The medical community in Sherwood, Juneau includes physicians across every stage of their careers — residents navigating the exhaustion of training, mid-career practitioners balancing clinical demands with family life, and veteran physicians carrying decades of experiences that challenge the boundaries of conventional medicine. Burnout touches all of them differently, but a common thread runs through: the desire to remember why they chose medicine in the first place, and the rare but profound moments that remind them.
Physician Burnout by Specialty
Percentage reporting at least one symptom (Medscape, 2024)
Medical Fact
A 5-minute gratitude exercise before starting a clinical shift improves physician mood and patient satisfaction scores.
Physician Wellness, Grief & Finding Meaning Near Sherwood, Juneau
Pacific Northwest physicians near Sherwood, Juneau, Alaska who practice in the region by choice—who chose rain over sunshine, forests over beaches, gray over blue—bring a specific quality to their healing work. They chose this place for its beauty, its intellectual culture, its values. That choice infuses their medicine with a commitment to the community that career-motivated physicians in more prestigious locations may lack. Healing works best when the healer has chosen to be exactly where they are.
Pacific Northwest music scenes near Sherwood, Juneau, Alaska—from Seattle's grunge legacy to Portland's indie folk—provide therapeutic outlets that formal mental health services cannot replicate. Open mic nights, community choirs, and drum circles create spaces where people process grief, celebrate recovery, and connect with strangers through shared vulnerability. The Pacific Northwest heals through music, whether the music is polished or raw.
Medical Fact
Physicians who practice reflective meditation report feeling more present and connected with their patients.
Faith, Medicine & the Unexplained in Sherwood, Juneau, Alaska
The Pacific Northwest's tradition of creating sacred space through intention rather than institution near Sherwood, Juneau, Alaska produces patients who transform their hospital rooms into personal sanctuaries. A candle on the nightstand, a stone from a favorite beach, a photograph of a beloved mountain—these objects carry spiritual weight for patients whose faith is rooted not in doctrine but in relationship with specific places, people, and moments. The Pacific Northwest's portable faith travels well, even into the hospital.
Interfaith hospice programs near Sherwood, Juneau, Alaska reflect the Pacific Northwest's spiritual diversity in their approach to dying. A single hospice team might serve a Christian who wants scripture read aloud, a Buddhist who wants meditation guidance, a pagan who wants ritual drumming, and an atheist who wants intellectual conversation. The Pacific Northwest's hospice workers are spiritual generalists who serve specifics.
Did You Know?
Near-death experiences were first systematically studied by a physician — Dr. Raymond Moody, who coined the term in 1975.

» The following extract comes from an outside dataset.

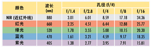 不同波長和鏡頭光圈下的理論艾里斑直徑光斑大小(μm)

Ghost Stories and the Supernatural Near Sherwood, Juneau, Alaska
The Pacific Northwest's used bookstore culture near Sherwood, Juneau, Alaska—Powell's Books, Elliott Bay, and dozens of independent shops—has produced its own ghost tradition. Hospital workers who browse these stores after shifts report finding books that seem chosen for them—medical texts open to relevant chapters, novels whose plots mirror their patients' stories, poetry collections whose verses address their specific exhaustion. Whether this is coincidence, algorithm, or ghost, the books appear when they're needed.
The Pacific Northwest's craft beer culture near Sherwood, Juneau, Alaska has a supernatural counterpart: the ghost of the brewmaster who worked in buildings that are now medical offices. These repurposed brewery buildings retain the scent of hops and malt, which intensifies during unexplained events. Medical staff who work in former breweries joke about their beer ghosts, but the jokes stop when the temperature drops and the copper kettles that no longer exist begin to clang.
Types of Phenomena in the Book
Distribution across 26 physician accounts
Did You Know?
Reading books about hope and resilience has been shown to reduce symptoms of depression in randomized controlled trials.
Watch Dr. Kolbaba Share These Stories
Did You Know?
Physician wellness programs have grown by 300% in the past decade as hospitals recognize the impact of burnout.
Medical Heritage in Alaska
Alaska's medical history is defined by the extraordinary challenge of delivering healthcare across 663,000 square miles of largely roadless terrain. The Alaska Native Tribal Health Consortium (ANTHC) and the Southcentral Foundation in Anchorage pioneered the Nuka System of Care, a nationally recognized model of patient-centered healthcare for Indigenous populations. Providence Alaska Medical Center in Anchorage, the state's largest hospital, has served as the critical care hub for the entire state since 1962, handling everything from earthquake trauma to medevac cases flown in from remote villages.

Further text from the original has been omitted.